Same as above, make sure the overlap is in the stable portion of the vowel, and adjust the offset and preutterance if necessary.
The white area should contain a stable portion of the second vowel.
☆ Cs & CCs ☆
None of these samples should contain any portion the dummy vowel.
Initial Consonants
Alias: [- C]
These have a preutterance of 100 and an overlap of 25. The offset should be adjusted so that the preutterance goes at the moment where the onset begins. Provided there is no noise, the preutterance and overlap should not need to be changed.
The white area between the consonant and cutoff should contain a relatively stable section of the consonant.
These samples are not present for plosives, as they would only contain silence.
Final Consonants
Alias: [C -]
Place the offset at the point where the coda is stable, and place the preutterance at the point where it ends. The overlap should be about a quarter to a third the length of the preutterance.
The white area should be a section of the silence between the coda and the start of the next syllable.
Standard Consonant Blends
Alias: [C C]
The offset and overlap should go in the same place as a final consonant.

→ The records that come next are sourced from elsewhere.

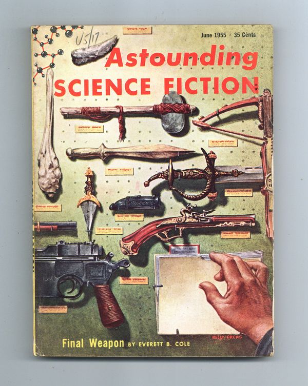 June 1955. Volume 55, Issue 4 - 1st printing. Science fiction stories by Poul Anderson ("The Long Way Home" part 3), Everett B. Cole, E.G. von Wald, Irving Cox Jr., J. Francis McComas, and John O'Keefe. Illustrations by Freas, Leydenfrost, and van Dongen. Article on textbooks by Isaac Asimov. Cover by frank Kelly Freas. Softcover, 5.5-in. x 7.75-in.; 168 newsprint pages, B&W. Cover price $0.35.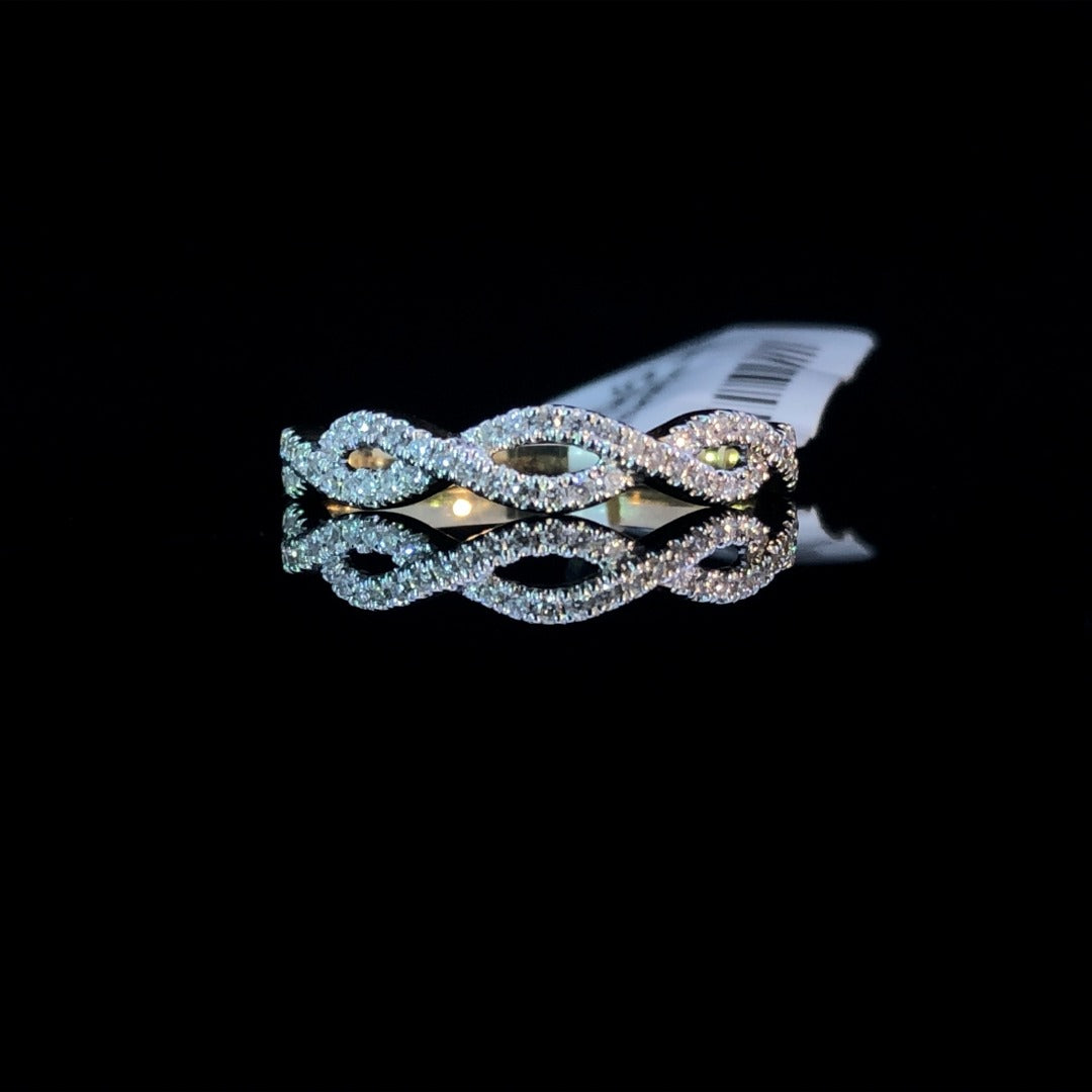 Thrill her with this luxurious diamond band. Crafted with 14kt yellow gold, it features a twist band adorned with .20ctw of round dazzling diamonds. Perfect for the classic woman who appreciates refined elegance, this diamond band promises to elevate her style. This ring is a size 6.25. If that size is not a perfect fit, first time sizing is free at the time of purchase. Additional sizing fees may apply.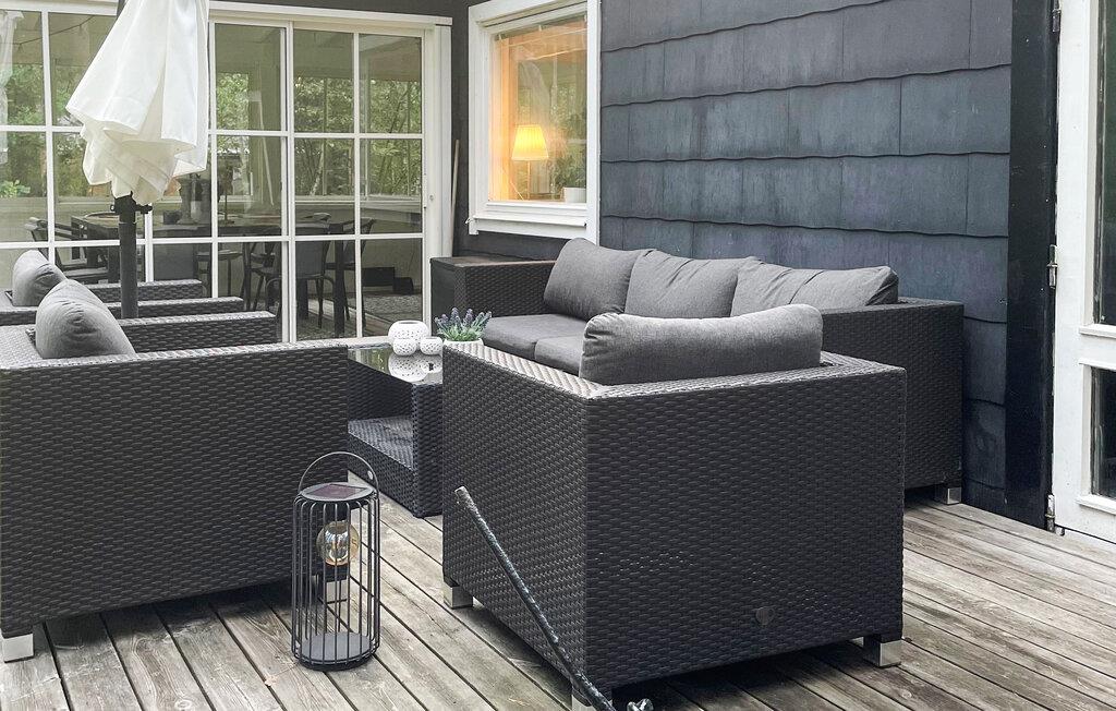 Njut av utsikten över det vackra landskapet från terrassen. Bekväma trädgårdsmöbler inbjuder dig att njuta av en kopp kaffe på morgonen eller koppla av på kvällen.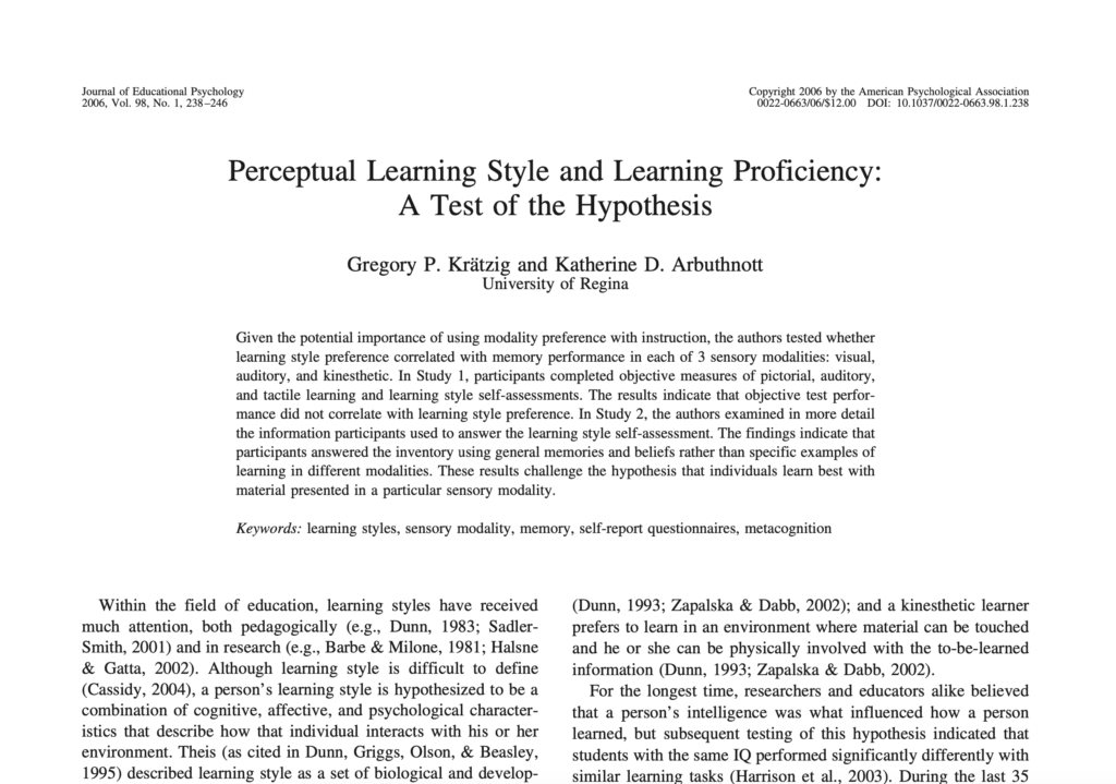 Krätzig & Arbuthnott (2006) – “Perceptual Learning Style and Learning Proficiency”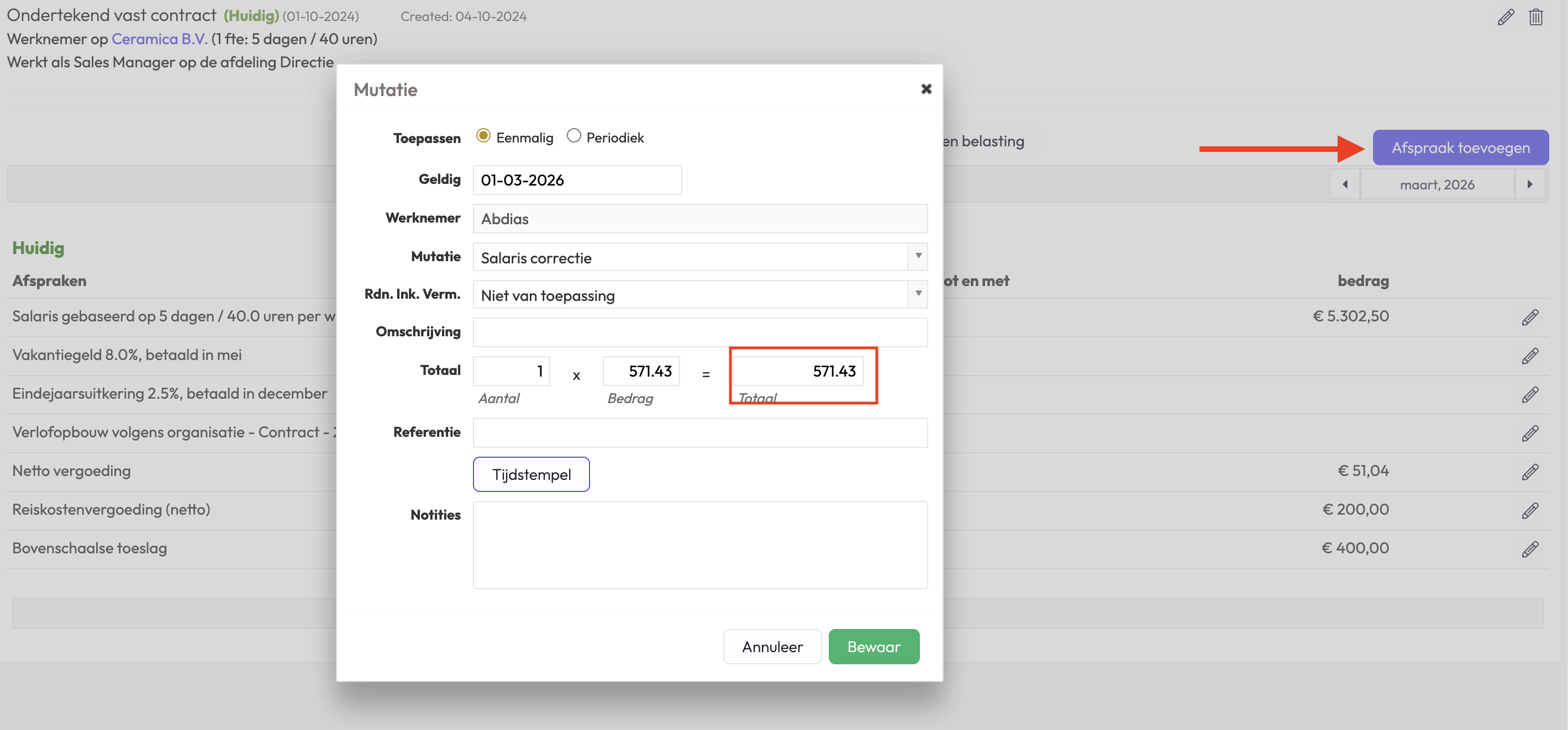 - Klik op "Voeg afspraak toe" om de Salaris correctie toe te voegen.

The preutterance should go at the start of the second consonant.
The consonant and parameters should be placed so that the white area covers the stable section of the second consonant, since this is the one we want to act as the blending point.
This also means that plosives and affricates follow the same principals as their transitional VC counterparts, using the airflow gap or fricative release as the blending point.
Plosive-plosive CCs are excluded since they would be silent.
Medial Clusters
Onset Cluster Alias: [CC][CCC]
Coda Cluster Alias [C CC]
Functionally the same as a standard blend, just with different aliases to indicate their type.
For clusters with three or more consonants, the preutterance is still placed before the last consonant, so any middle consonant(s) will be between that and the overlap.
Initial Onset Clusters
Alias: [- CC][- CCC]
Same as an initial C, but with the preutterance place placed at the start of the first consonant of the cluster, and last consonant acting as the blending point. All else will fall into the consonant area.
Final Coda Clusters
Alias: [C C-][C CC-]
Same as a final C, but with the preutterance being placed at the end of the first consonant in the cluster. All else will fall into the consonant area.